▶ Instructions to follow
Repeat every line of the data exactly; the pictures stay out.

▶ Supplied information
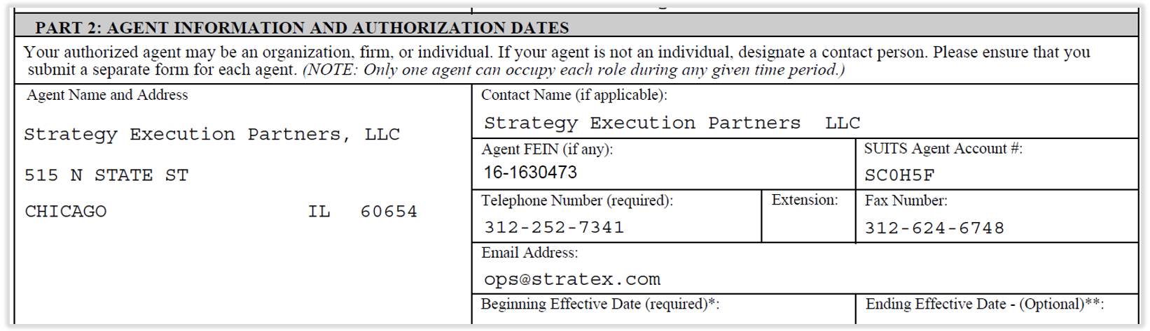 Send an email to to request a pre-filled Employer Representative Authorization form OR complete on your own. If you complete this form on your own, enter the following information:
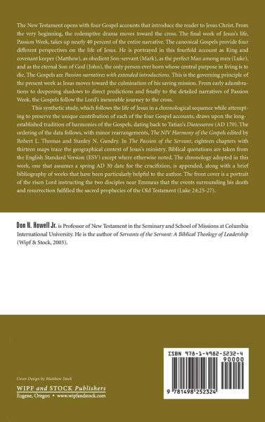 The New Testament opens with four Gospel accounts that introduce the reader to Jesus Christ. From the very beginning, the redemptive drama moves toward the cross. The final week of Jesus's life, Passion Week, takes up nearly 40 percent of the entire narrative. The canonical Gospels provide four different perspectives on the life of Jesus. He is portrayed in this fourfold account as King and covenant keeper (Matthew), as obedient Son-servant (Mark), as the perfect Man among men (Luke), and as the eternal Son of God (John), the only person ever born whose central purpose in living is to die. The Gospels are Passion narratives with extended introductions. This is the governing principle of the present work as Jesus moves toward the culmination of his saving mission. From early adumbrations to deepening shadows to direct predictions and finally to the detailed narratives of Passion Week, the Gospels follow the Lord's inexorable journey to the cross. This synthetic study, which follows the life of Jesus in a chronological sequence while attempting to preserve the unique contribution of each of the four Gospel accounts, draws upon the long-established tradition of harmonies of the Gospels, dating back to Tatian's Diatessaron (AD 170). The ordering of the data follows, with minor rearrangements, The NIV Harmony of the Gospels edited by Robert L. Thomas and Stanley N. Gundry. In The Passion of the Servant, eighteen chapters with thirteen maps trace the geographical context of Jesus's ministry. Biblical quotations are taken from the English Standard Version (ESV) except where otherwise noted. The chronology adopted in this work, one that assumes a spring AD 30 date for the crucifixion, is appended, along with a brief bibliography of works that have been particularly helpful to the author. The front cover is a portrait of the risen Lord instructing the two disciples near Emmaus that the events surrounding his death and resurrection fulfilled the sacred prophecies of the Old Testament (Luke 24:25-27).
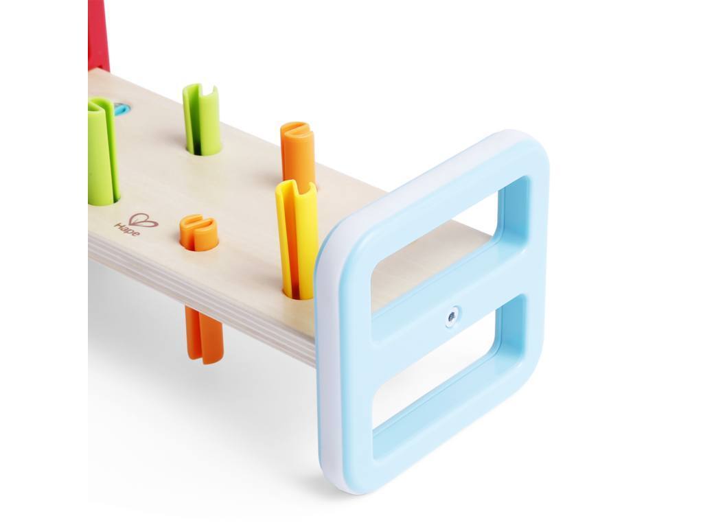 Compter les coups : Les enfants peuvent compter le nombre de coups nécessaires pour enfoncer chaque cheville, favorisant ainsi le développement de compétences mathématiques de base.
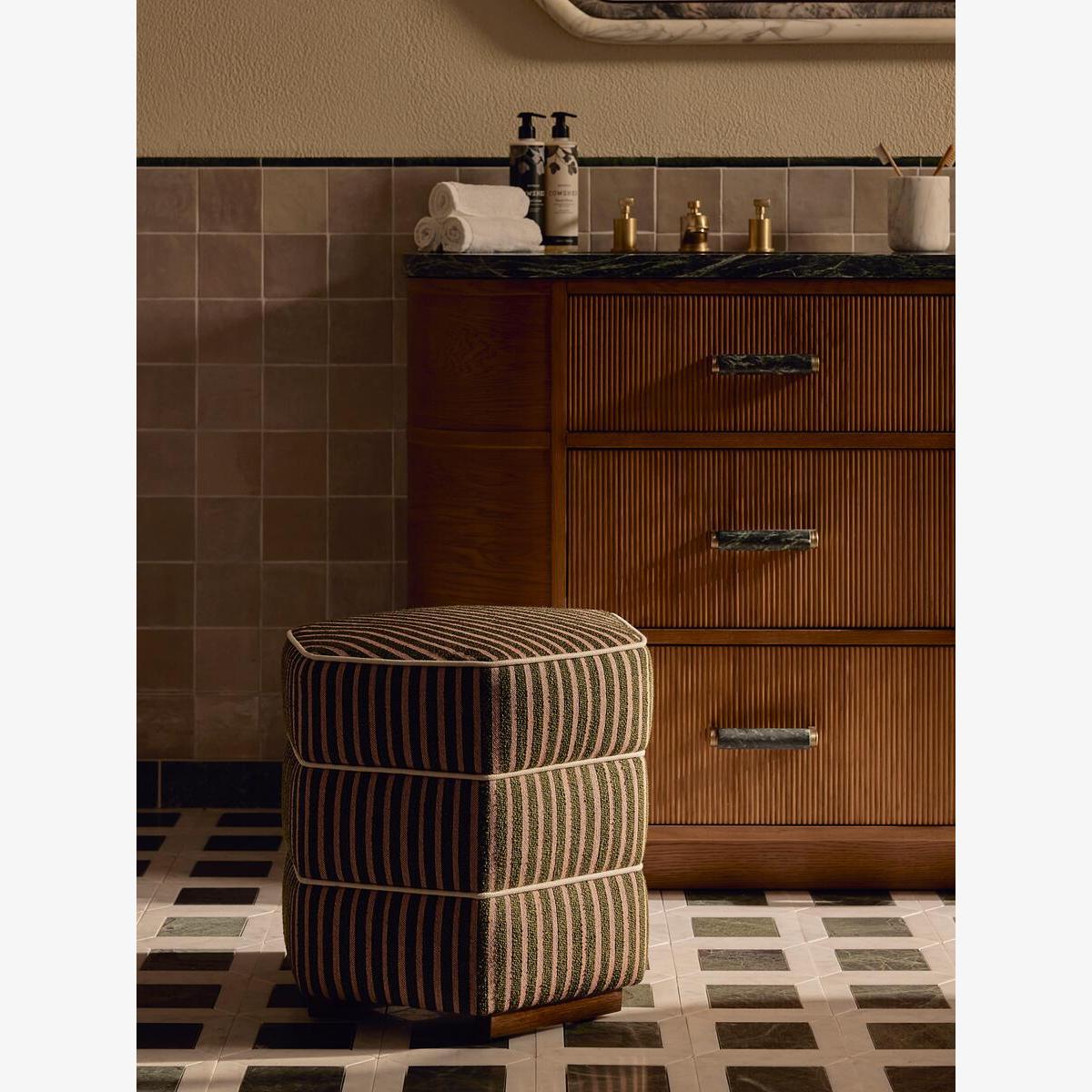 I’m a fan of this striped ottoman for its compact, well-tailored look and neutral palette - it slots effortlessly into modern-traditional, Scandi or country-inspired schemes. The brown and cream stripe adds interest without dominating, making it a subtle focal point. Styling tip: use it as an extra seat beside your favourite armchair or at the end of a bed, then top with a small tray or favourite book to double as a side table. It also works well tucked under a console in an entrance hall, paired with warm woods, textured rugs and a couple of woven cushions for a layered, cosy feel.

▶ Finished task
 Send an email to to request a pre-filled Employer Representative Authorization form OR complete on your own. If you complete this form on your own, enter the following information:
 The New Testament opens with four Gospel accounts that introduce the reader to Jesus Christ. From the very beginning, the redemptive drama moves toward the cross. The final week of Jesus's life, Passion Week, takes up nearly 40 percent of the entire narrative. The canonical Gospels provide four different perspectives on the life of Jesus. He is portrayed in this fourfold account as King and covenant keeper (Matthew), as obedient Son-servant (Mark), as the perfect Man among men (Luke), and as the eternal Son of God (John), the only person ever born whose central purpose in living is to die. The Gospels are Passion narratives with extended introductions. This is the governing principle of the present work as Jesus moves toward the culmination of his saving mission. From early adumbrations to deepening shadows to direct predictions and finally to the detailed narratives of Passion Week, the Gospels follow the Lord's inexorable journey to the cross. This synthetic study, which follows the life of Jesus in a chronological sequence while attempting to preserve the unique contribution of each of the four Gospel accounts, draws upon the long-established tradition of harmonies of the Gospels, dating back to Tatian's Diatessaron (AD 170). The ordering of the data follows, with minor rearrangements, The NIV Harmony of the Gospels edited by Robert L. Thomas and Stanley N. Gundry. In The Passion of the Servant, eighteen chapters with thirteen maps trace the geographical context of Jesus's ministry. Biblical quotations are taken from the English Standard Version (ESV) except where otherwise noted. The chronology adopted in this work, one that assumes a spring AD 30 date for the crucifixion, is appended, along with a brief bibliography of works that have been particularly helpful to the author. The front cover is a portrait of the risen Lord instructing the two disciples near Emmaus that the events surrounding his death and resurrection fulfilled the sacred prophecies of the Old Testament (Luke 24:25-27).
 Compter les coups : Les enfants peuvent compter le nombre de coups nécessaires pour enfoncer chaque cheville, favorisant ainsi le développement de compétences mathématiques de base.
 I’m a fan of this striped ottoman for its compact, well-tailored look and neutral palette - it slots effortlessly into modern-traditional, Scandi or country-inspired schemes. The brown and cream stripe adds interest without dominating, making it a subtle focal point. Styling tip: use it as an extra seat beside your favourite armchair or at the end of a bed, then top with a small tray or favourite book to double as a side table. It also works well tucked under a console in an entrance hall, paired with warm woods, textured rugs and a couple of woven cushions for a layered, cosy feel.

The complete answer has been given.